Task prompt: The task for the listing below is to write out exactly the lines starting at the one containing "3、在内容的文本框空白处右击" and ending at the one containing "InSideOut Bordhockey byr", both included. Pictures are to be omitted.

##### Materials provided #####

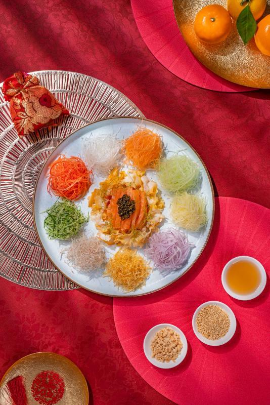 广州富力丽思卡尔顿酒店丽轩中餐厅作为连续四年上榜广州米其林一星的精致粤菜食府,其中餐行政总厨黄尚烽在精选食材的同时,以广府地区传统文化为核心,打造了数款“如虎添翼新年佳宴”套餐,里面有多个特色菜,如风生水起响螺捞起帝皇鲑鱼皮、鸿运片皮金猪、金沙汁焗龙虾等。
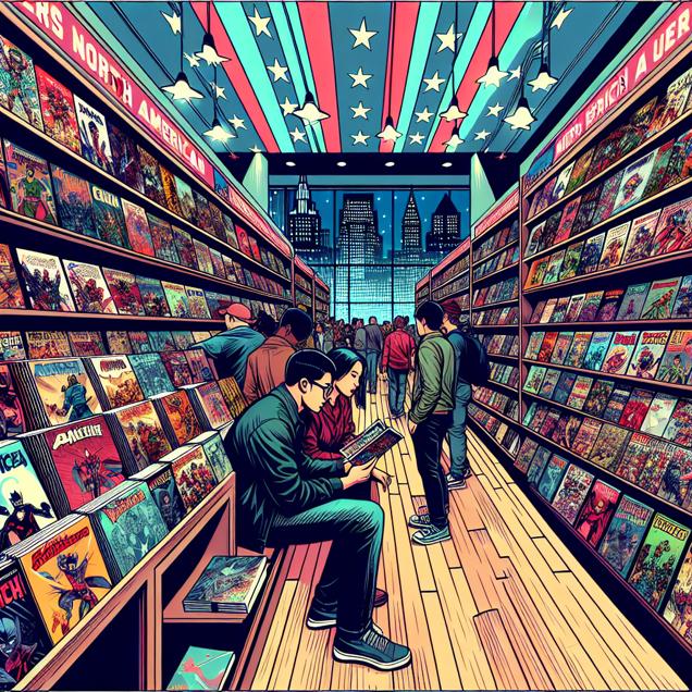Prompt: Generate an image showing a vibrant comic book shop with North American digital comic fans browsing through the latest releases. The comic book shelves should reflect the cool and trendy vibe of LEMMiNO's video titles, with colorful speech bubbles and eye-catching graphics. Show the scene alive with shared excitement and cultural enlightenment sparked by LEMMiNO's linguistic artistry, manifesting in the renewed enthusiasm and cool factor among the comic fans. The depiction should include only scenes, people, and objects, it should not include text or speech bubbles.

#####
##### Materials provided #####

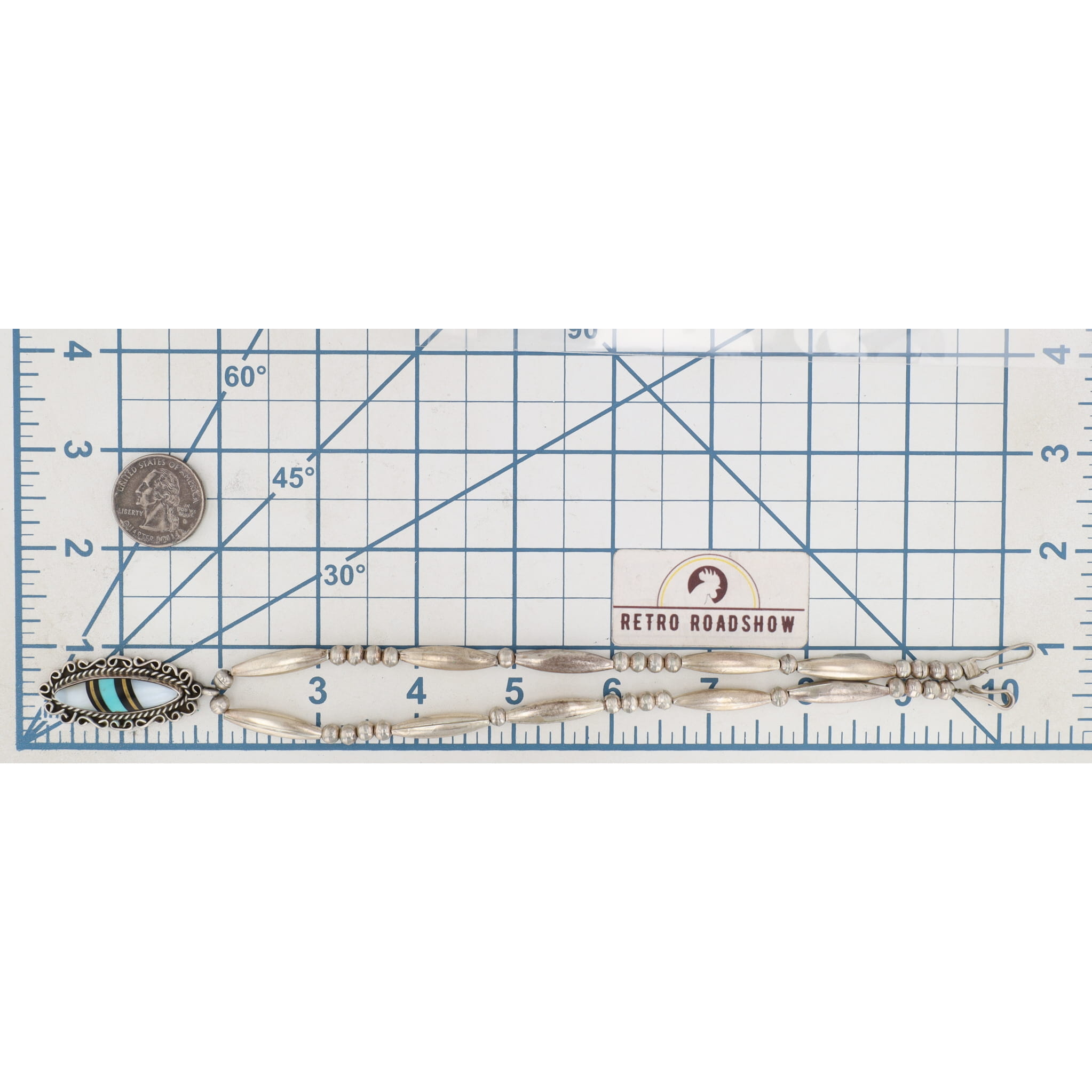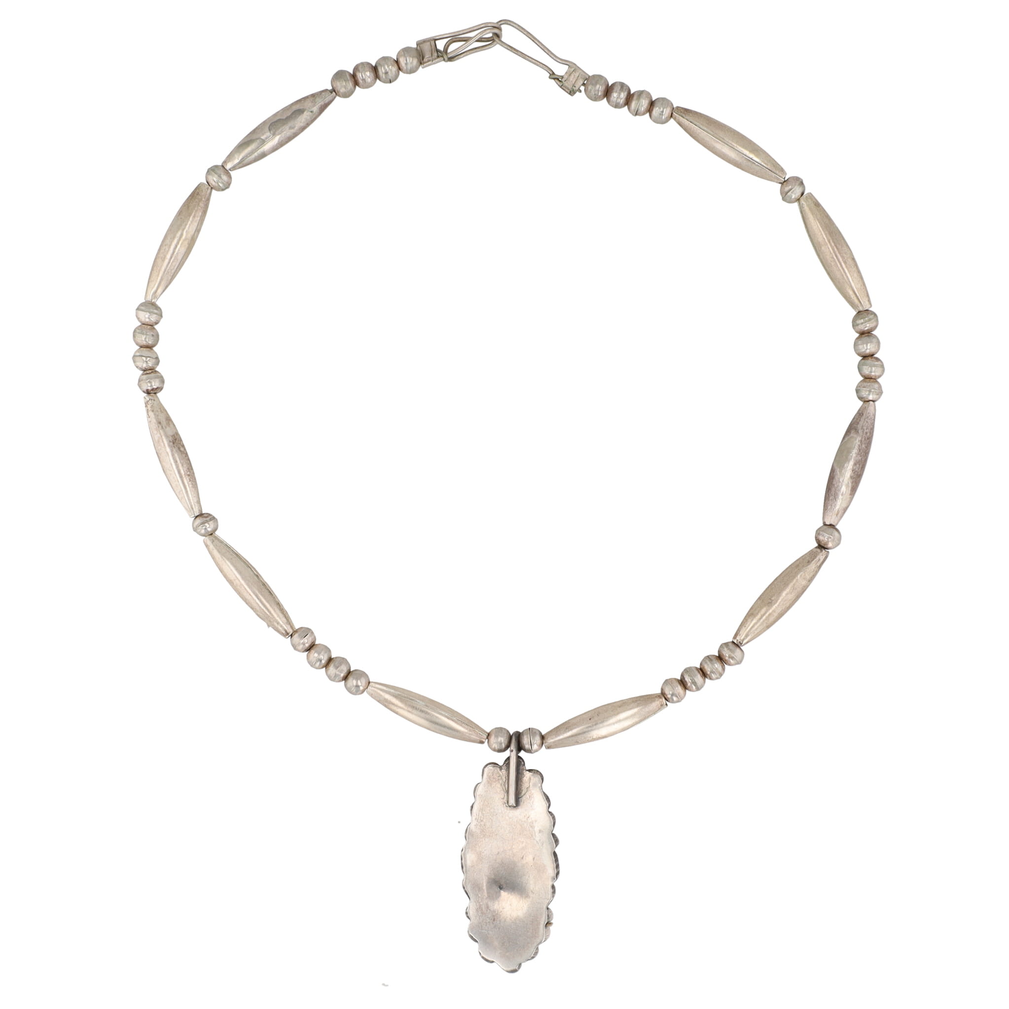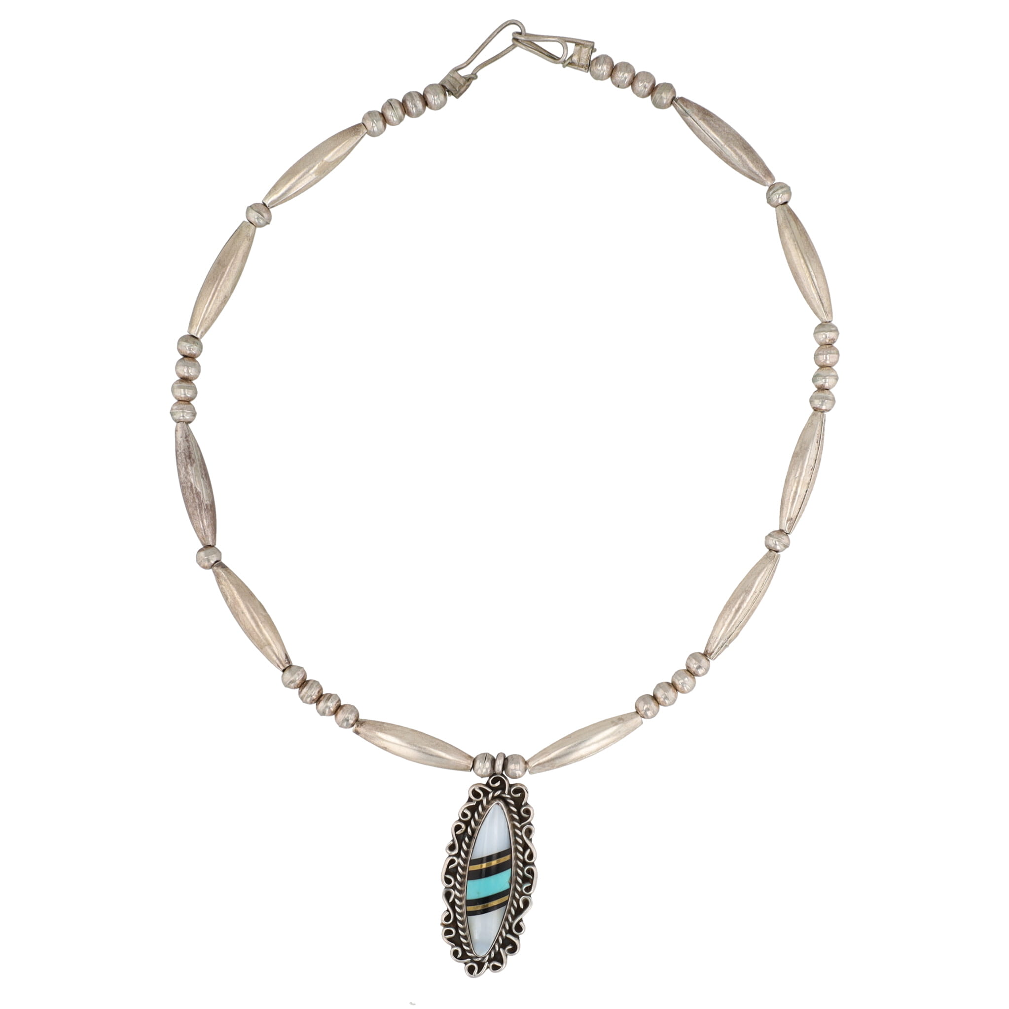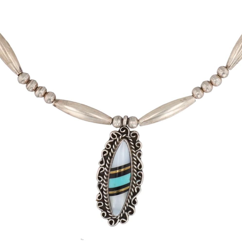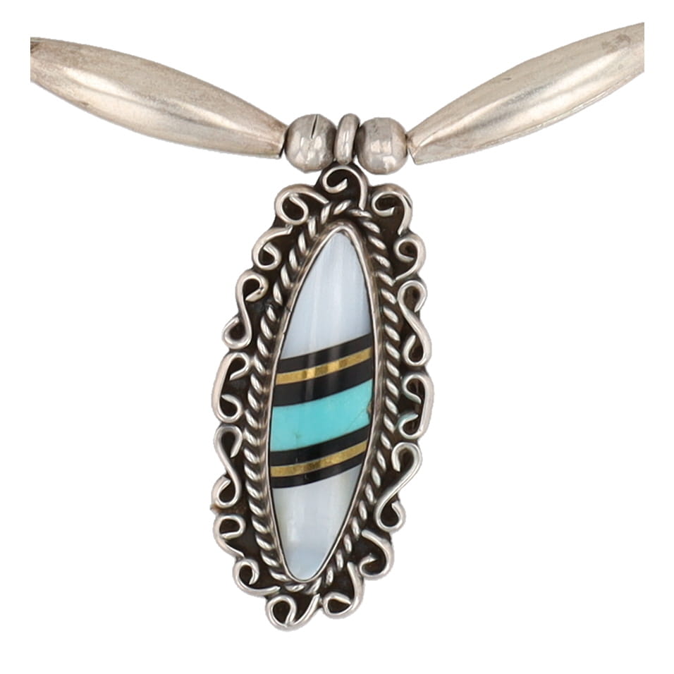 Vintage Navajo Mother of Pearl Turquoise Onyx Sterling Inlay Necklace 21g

#####
##### Materials provided #####

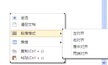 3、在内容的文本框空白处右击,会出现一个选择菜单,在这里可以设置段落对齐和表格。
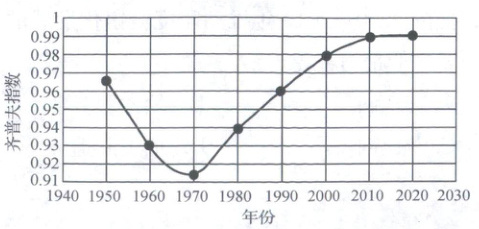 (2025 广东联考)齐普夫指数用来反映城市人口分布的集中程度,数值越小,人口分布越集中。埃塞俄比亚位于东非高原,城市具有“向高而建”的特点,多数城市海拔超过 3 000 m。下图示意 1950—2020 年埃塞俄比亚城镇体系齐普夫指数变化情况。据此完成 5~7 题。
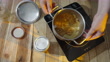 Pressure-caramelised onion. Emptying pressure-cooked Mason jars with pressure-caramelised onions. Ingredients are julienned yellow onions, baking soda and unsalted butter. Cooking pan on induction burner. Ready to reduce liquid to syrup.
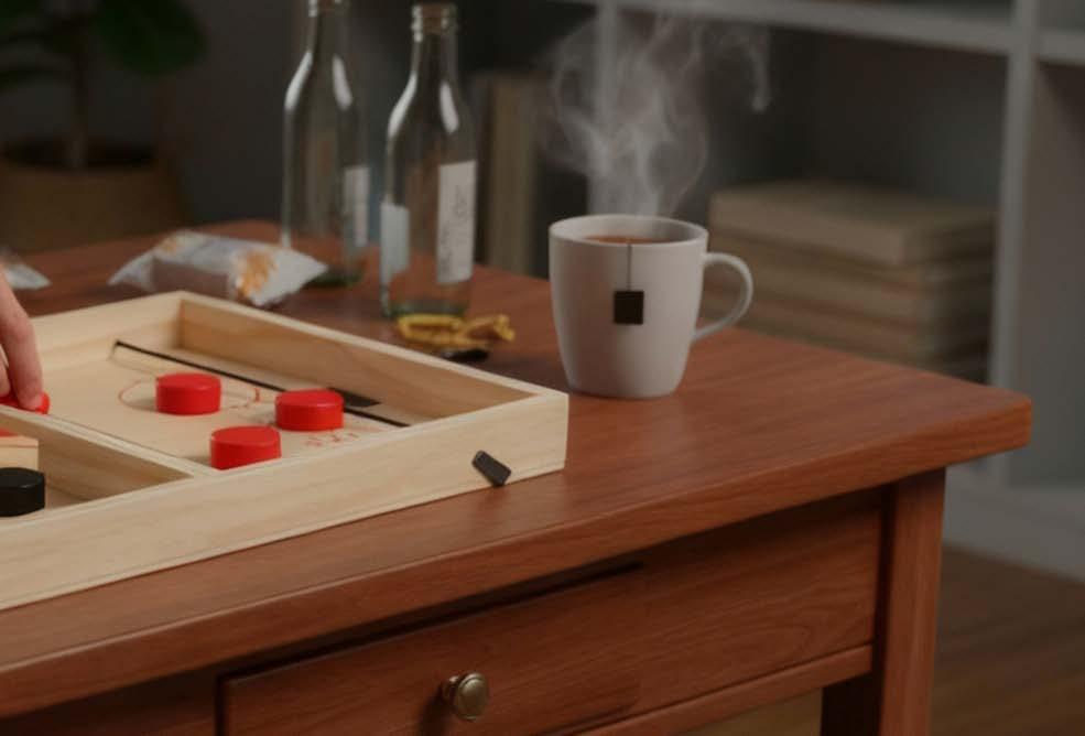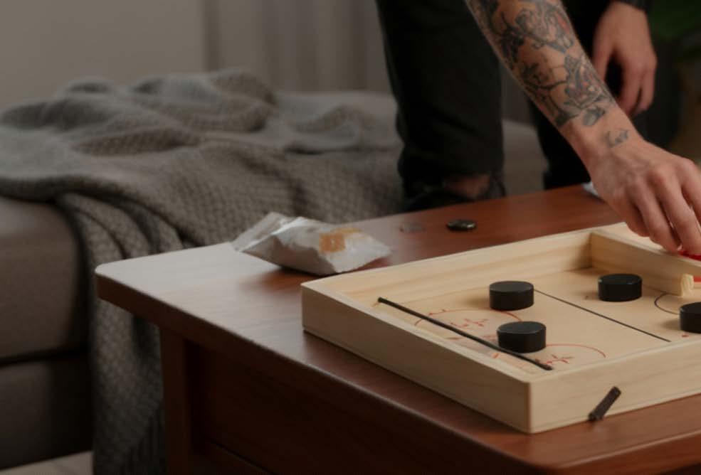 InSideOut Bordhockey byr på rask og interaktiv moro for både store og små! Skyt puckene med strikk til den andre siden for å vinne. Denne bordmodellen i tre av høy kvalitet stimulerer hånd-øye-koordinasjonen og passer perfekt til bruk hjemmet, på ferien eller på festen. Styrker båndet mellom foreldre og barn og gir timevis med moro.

#####

Problem solution:
 3、在内容的文本框空白处右击,会出现一个选择菜单,在这里可以设置段落对齐和表格。
 (2025 广东联考)齐普夫指数用来反映城市人口分布的集中程度,数值越小,人口分布越集中。埃塞俄比亚位于东非高原,城市具有“向高而建”的特点,多数城市海拔超过 3 000 m。下图示意 1950—2020 年埃塞俄比亚城镇体系齐普夫指数变化情况。据此完成 5~7 题。
 Pressure-caramelised onion. Emptying pressure-cooked Mason jars with pressure-caramelised onions. Ingredients are julienned yellow onions, baking soda and unsalted butter. Cooking pan on induction burner. Ready to reduce liquid to syrup.
 InSideOut Bordhockey byr på rask og interaktiv moro for både store og små! Skyt puckene med strikk til den andre siden for å vinne. Denne bordmodellen i tre av høy kvalitet stimulerer hånd-øye-koordinasjonen og passer perfekt til bruk hjemmet, på ferien eller på festen. Styrker båndet mellom foreldre og barn og gir timevis med moro.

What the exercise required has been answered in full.